→ **Records provided**

○ ○ ○ ○ ○

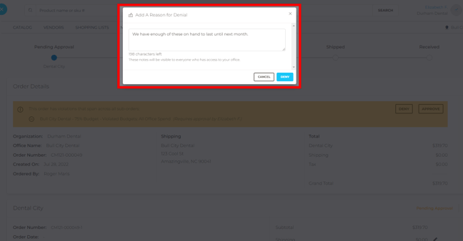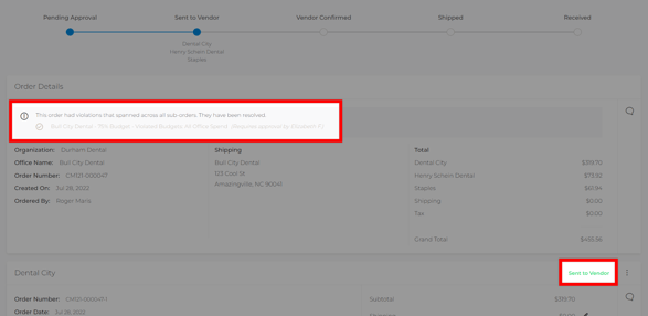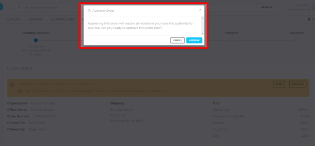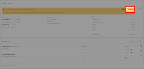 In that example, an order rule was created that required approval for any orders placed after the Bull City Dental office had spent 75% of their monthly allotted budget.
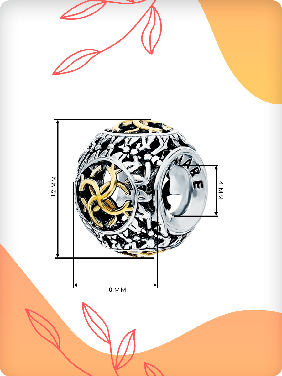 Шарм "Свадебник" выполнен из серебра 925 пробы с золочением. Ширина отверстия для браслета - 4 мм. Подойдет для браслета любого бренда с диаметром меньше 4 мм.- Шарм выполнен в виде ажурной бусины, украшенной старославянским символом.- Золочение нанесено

○ ○ ○ ○ ○

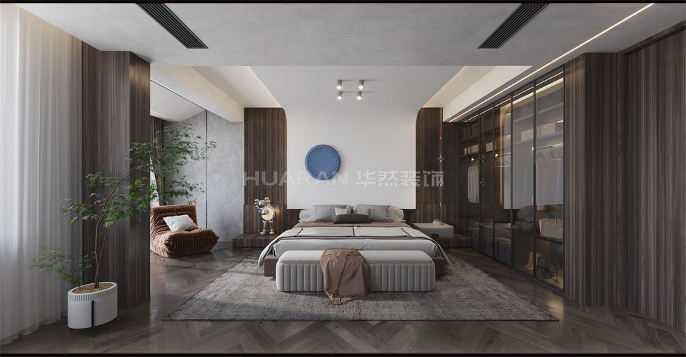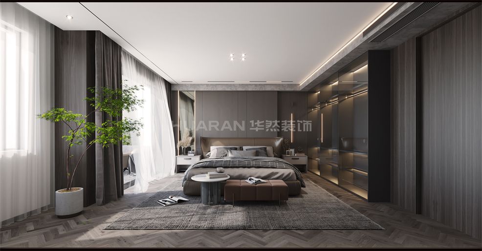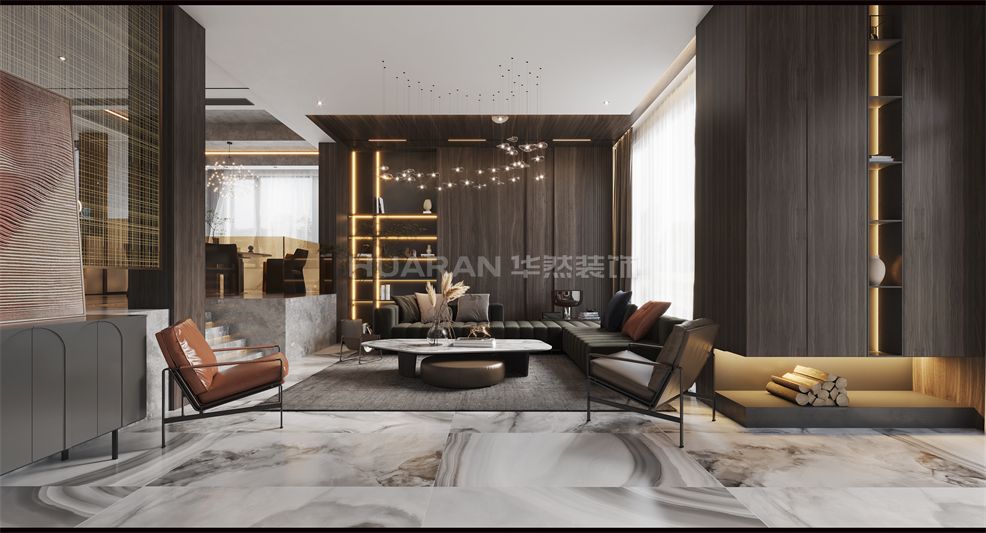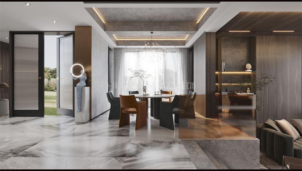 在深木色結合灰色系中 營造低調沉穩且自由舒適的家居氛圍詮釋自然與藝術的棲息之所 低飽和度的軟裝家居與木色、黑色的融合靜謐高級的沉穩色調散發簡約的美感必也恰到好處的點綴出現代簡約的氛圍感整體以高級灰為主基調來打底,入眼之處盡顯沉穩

○ ○ ○ ○ ○

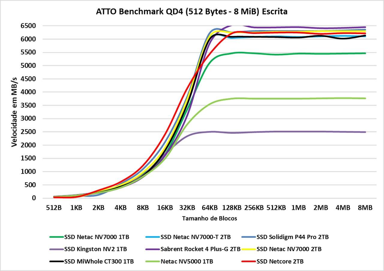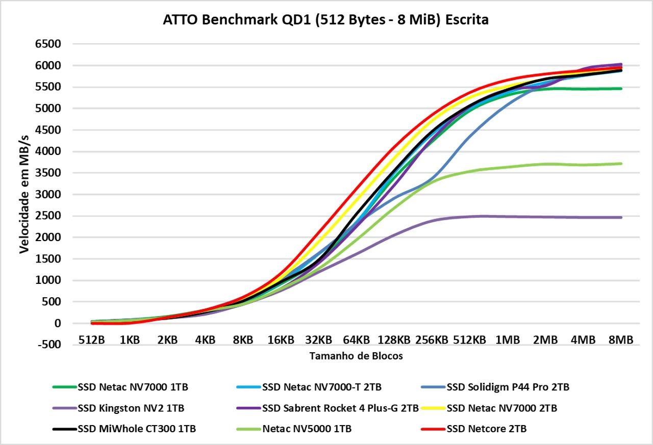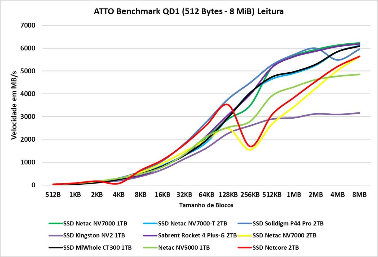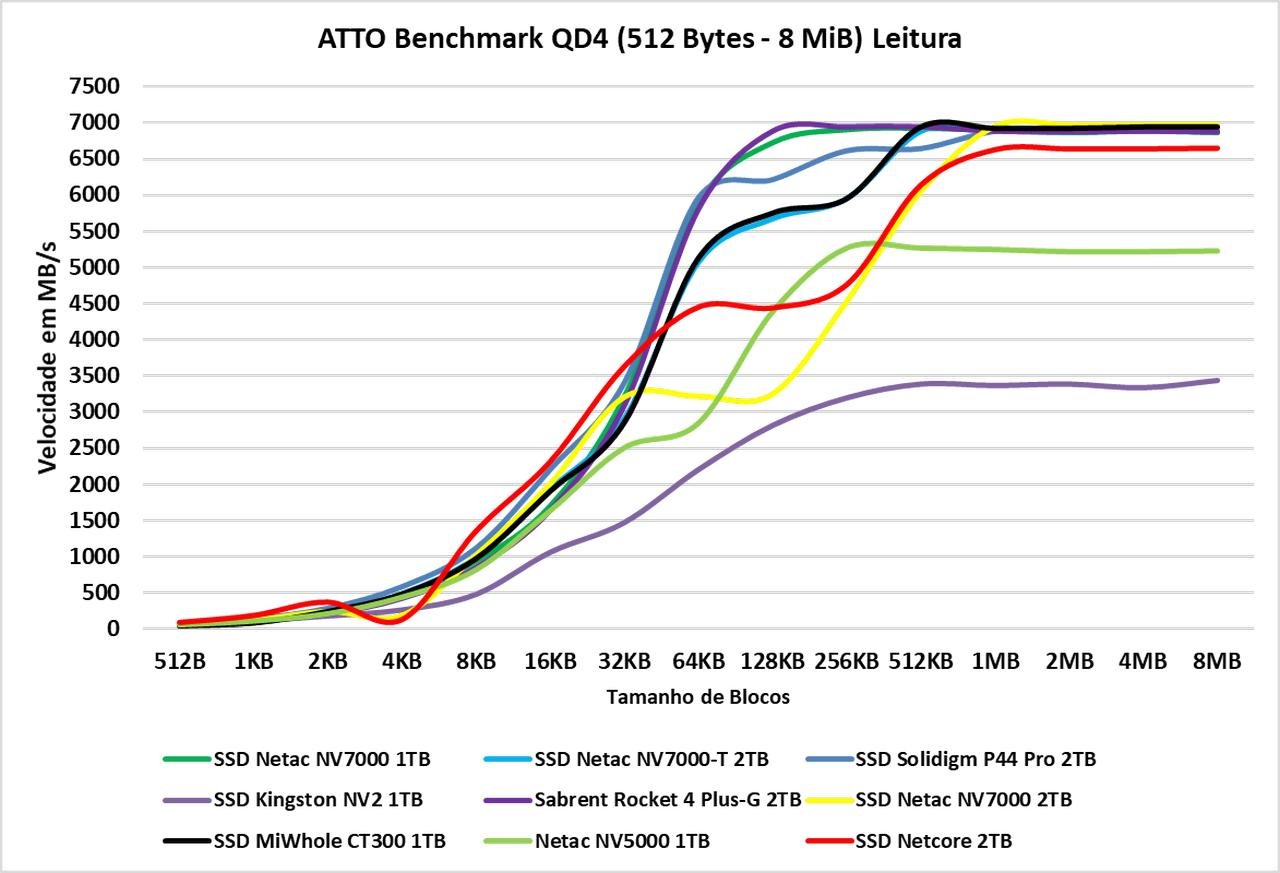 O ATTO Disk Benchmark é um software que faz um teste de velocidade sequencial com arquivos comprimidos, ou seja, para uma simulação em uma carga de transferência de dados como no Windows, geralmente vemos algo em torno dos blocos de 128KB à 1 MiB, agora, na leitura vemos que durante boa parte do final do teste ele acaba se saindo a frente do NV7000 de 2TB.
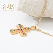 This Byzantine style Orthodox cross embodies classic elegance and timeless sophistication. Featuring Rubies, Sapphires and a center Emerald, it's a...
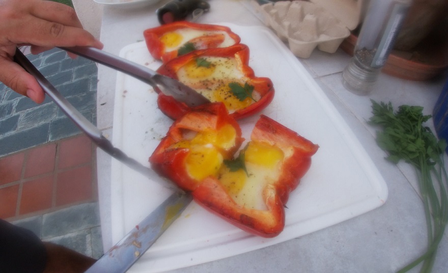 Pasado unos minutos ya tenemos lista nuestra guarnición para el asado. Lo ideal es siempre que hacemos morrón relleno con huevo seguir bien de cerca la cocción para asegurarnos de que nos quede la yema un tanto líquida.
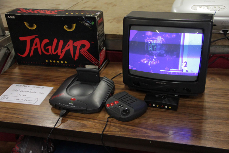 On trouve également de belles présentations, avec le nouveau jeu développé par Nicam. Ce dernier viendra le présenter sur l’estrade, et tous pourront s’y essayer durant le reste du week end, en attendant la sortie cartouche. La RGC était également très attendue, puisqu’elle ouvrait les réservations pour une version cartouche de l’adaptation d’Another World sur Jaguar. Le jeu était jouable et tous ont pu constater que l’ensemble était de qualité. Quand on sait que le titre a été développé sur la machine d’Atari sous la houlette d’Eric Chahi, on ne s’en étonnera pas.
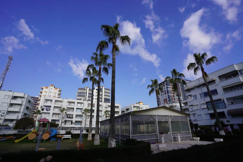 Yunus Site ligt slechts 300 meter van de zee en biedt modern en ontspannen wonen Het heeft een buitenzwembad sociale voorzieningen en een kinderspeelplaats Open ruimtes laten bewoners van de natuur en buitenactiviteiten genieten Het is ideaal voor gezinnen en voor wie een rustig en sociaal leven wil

○ ○ ○ ○ ○

→ **Exercise prompt**
Both the line containing "In that example, an" and the line containing "символом.- Золочение нанесено" above belong in the output, as do the lines between them. Print them exactly, without pictures.

→ **Task result**
 In that example, an order rule was created that required approval for any orders placed after the Bull City Dental office had spent 75% of their monthly allotted budget.
 Шарм "Свадебник" выполнен из серебра 925 пробы с золочением. Ширина отверстия для браслета - 4 мм. Подойдет для браслета любого бренда с диаметром меньше 4 мм.- Шарм выполнен в виде ажурной бусины, украшенной старославянским символом.- Золочение нанесено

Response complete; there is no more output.